| |||||||
|
|
大河原 梨奈&堀江 明子 ピアノ・デュオ リサイタル 開催レポート
《 くにたちサロンコンサートin表参道 シリーズ22 》
2016年12月8日(木) 19:00開演 18:30開場
会場:カワイ表参道 コンサートサロン「パウゼ」
「くにたちサロンコンサート in 表参道シリーズ」22回目となる本公演は国立音楽大学大学院音楽研究科修士課程を卒業された大河原梨奈さんと堀江明子さんによるピアノデュオリサイタルでした。前半の一曲目は連弾によるモーツアルト作曲《アンダンテと変奏 K.501》を演奏されました。シンプルでありながらも緻密さとバランスの良さが感じられ、連弾であっても重々しさを感じさせない、風通しの良い爽やかさがありました。続いてはドビュッシー作曲《映像 第1集》を大河原さんがソロで演奏されました。

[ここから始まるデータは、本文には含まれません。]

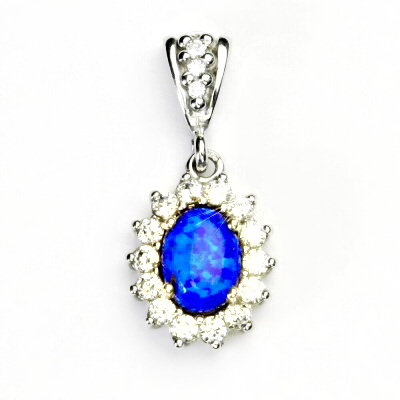 Přívěsek z bílého zlata je zdoben čirými zirkony a syntetickým tmavě modrým opálem o rozměru 8x6 mm. Materiál je zlato 585/1000. Rozměr přívěsku je 24 mm včetně očka na výšku a 11 mm na šířku. Orientační váha přívěsku 2,10 g.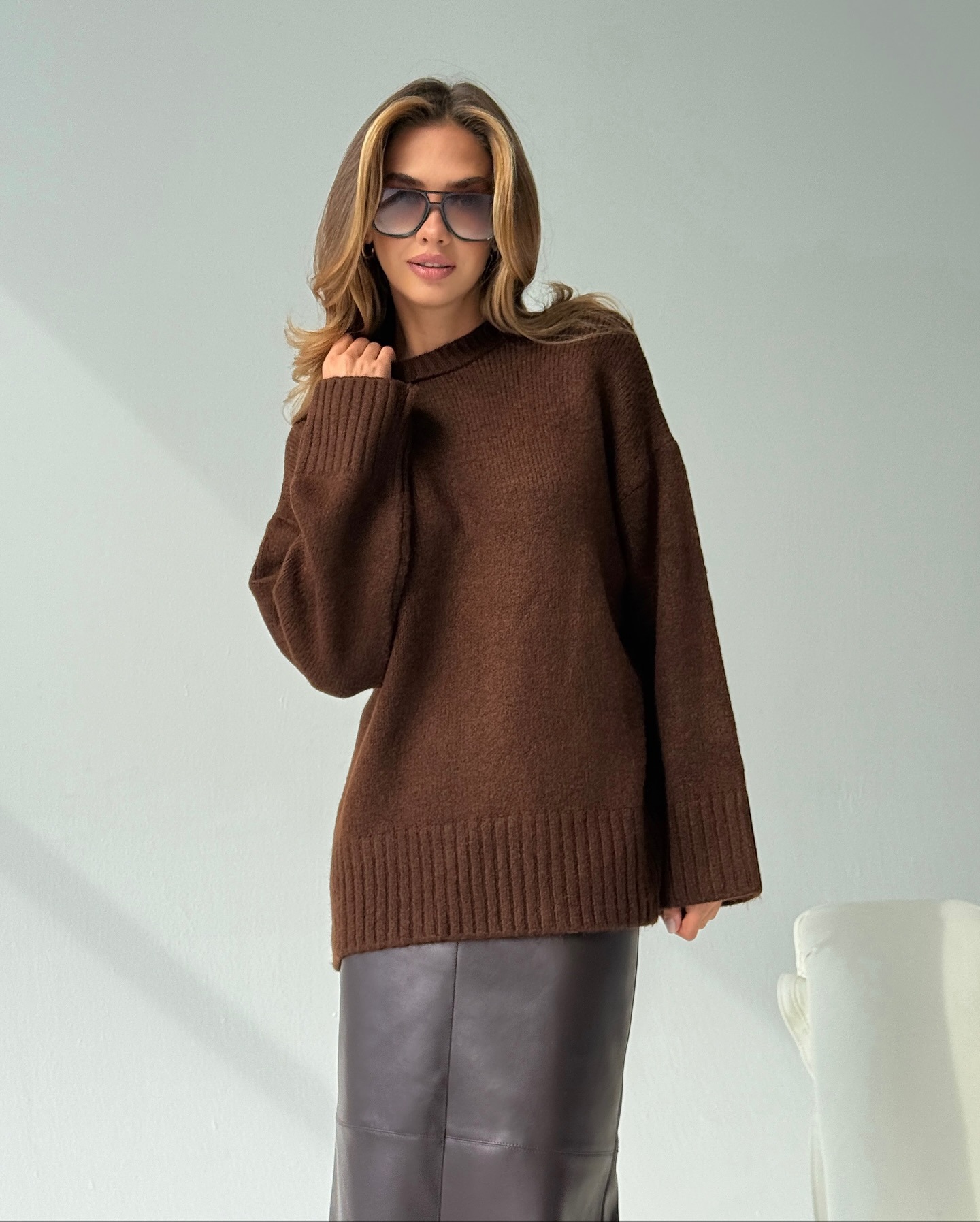 跨境女装亚马逊欧洲站秋冬新款针织衫纯色基础加厚保暖百搭毛衣女

品良く洗練されたタッチで 颯爽とした演奏でありながらも、生き生きとしたダイナミックさも感じられました。続いて今までの雰囲気とは打って変わったモダンでおしゃれなプーランク作曲《4手のためのソナタ》を再びお二人による連弾でエネルギッシュにテンポよく演奏され、その楽しげで格好良い演奏に客席も釘付けでした。前半の最後はデュカス作曲交響詩《魔法使いの弟子》の物語の世界観を楽しみました。おどけたように動く箒や、うねるように翻弄する水の動きが鮮やかに表現されていました。元々はオーケストラのための楽曲ですが、ピアノならではの魅力も多く感じられ、お二人の魔法の力で、聴衆も物語に入ってしまったかのような素晴らしい演奏でした。

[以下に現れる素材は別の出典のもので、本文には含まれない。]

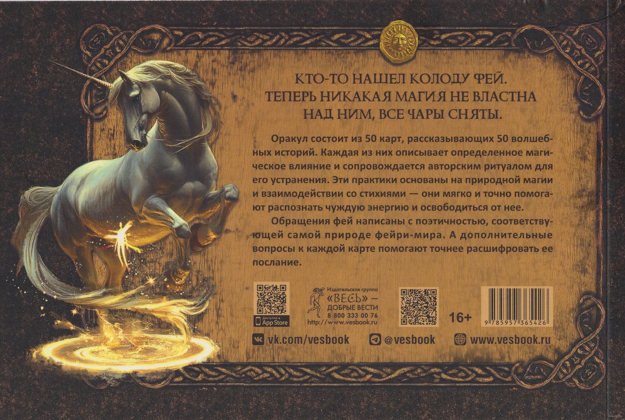 Не у всех есть возможность получить поддержку мастеров, практиков, тех, кто чувствует тонкий мир. В этом случае обнаружить и устранить чужое воздействие поможет новый оракул Арабо Саргсяна. Он был создан как навигатор по миру фейри – месту, где переплетаются мифы, магия и архетипы. Внутри колоды собраны ключевые фигуры и образы фейской традиции (Король фей, Дикая Охота, подменыш, угощение фей и др.). Освещаются темы фейской крови, магических печатей, скрытых порталов и следов, которые фейри могут оставить на судьбе человека. Каждая карта – это послание. Оно не всегда очевидно, но интуиция и внимание к деталям помогут его истолковать.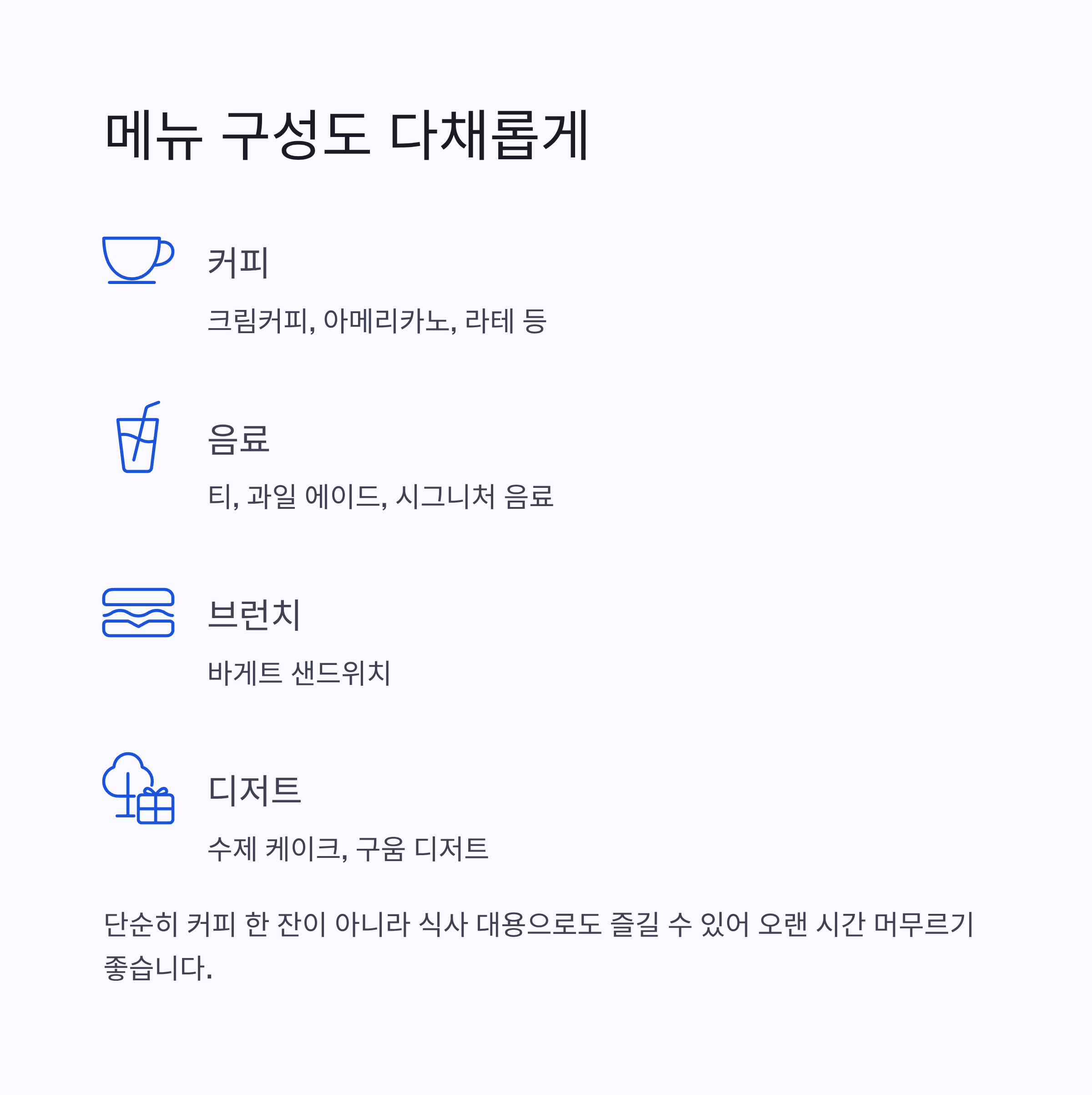 | 음료 | 티, 과일 에이드, 시그니처 음료 |

休憩を挟み、後半の一曲目は堀江さんのソロによるラフマニノフ作曲《幻想的ピアノ小品集 Op.3》を抜粋して演奏されました。哀愁を帯びた旋律を朗々と歌い上げた「エ レジー」や鐘の様々な音の重なりや美しい色合いを感じた「前奏曲」アクセントの聞いたメリハリのある「道化師」まで、様々な音の世界を楽しみました。プログラムの最後はチャイコフスキー作曲バレエ組曲《くるみ割り人形》Op.71aを再びお二人の連弾による演奏で堪能しました。クリスマスの雰囲気にぴったりな物語で、ワクワクした気分に満ちた「小序曲」「行進曲」、様々な国の情緒あふれる踊りを心ゆくまで楽しみました。色々な魅力溢れる踊りを夢中で聴いているうちに、あっという間に最後の「花のワルツ」になってしまい、この夢のようなひと時が終わってしまうのが寂しく思えてしまうほどでした。

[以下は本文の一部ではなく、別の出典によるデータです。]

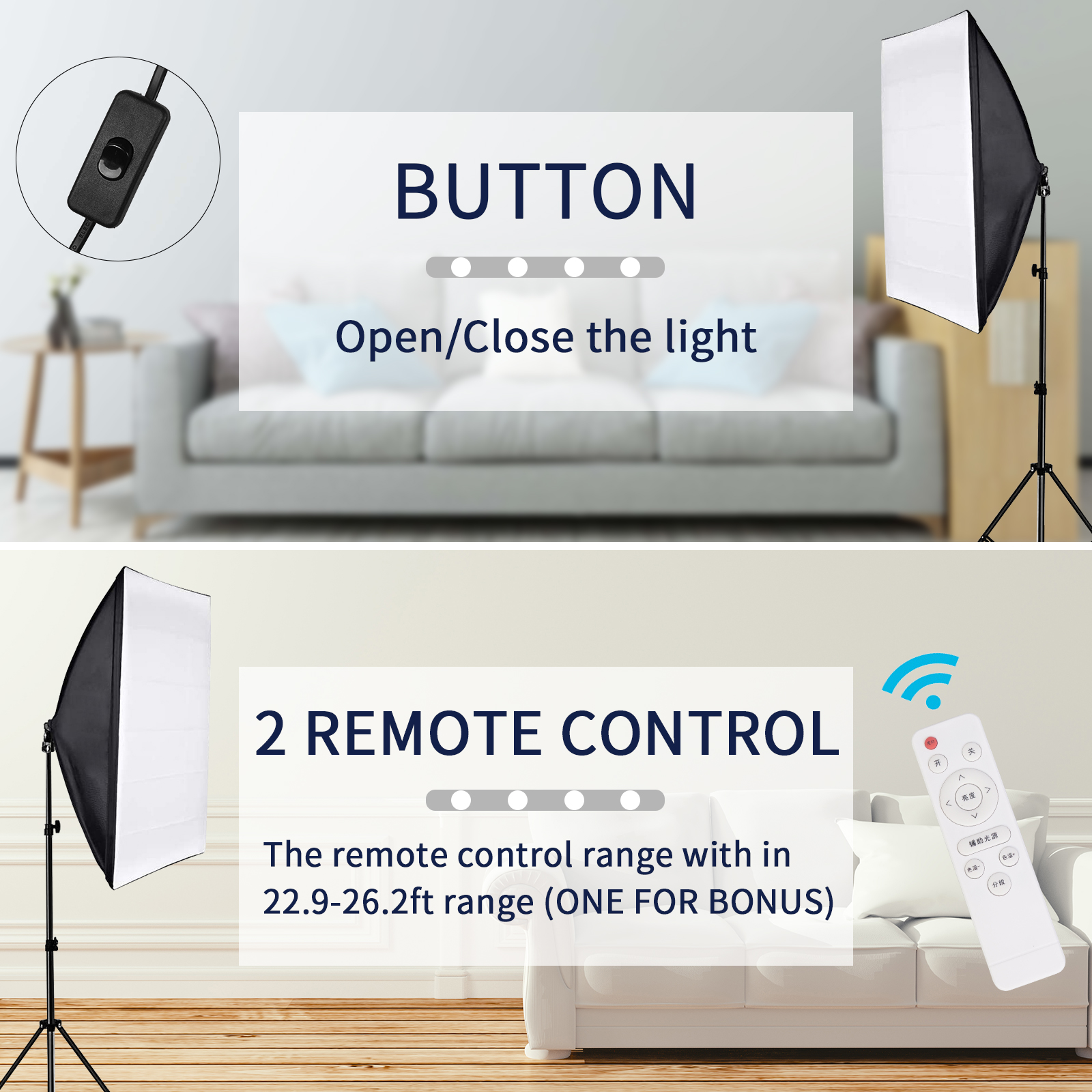 Наш комплект фотографического освещения софтбокса оснащен светодиодными энергосберегающими лампами и пультом дистанционного управления.

アンコールは先日ご逝去されたお二人の先生への追悼の意を込めて、先生が好まれていたフォーレ作曲《レクイエム》より「ピエ・イエス」を演奏されました。優しく包み込むような穏やかな慈愛に満ちた演奏はきっと先生に届いていると思います。
連弾やソロを通して様々なピアノの表情を聴かせてくださったお二人の今後のご活躍を願っております。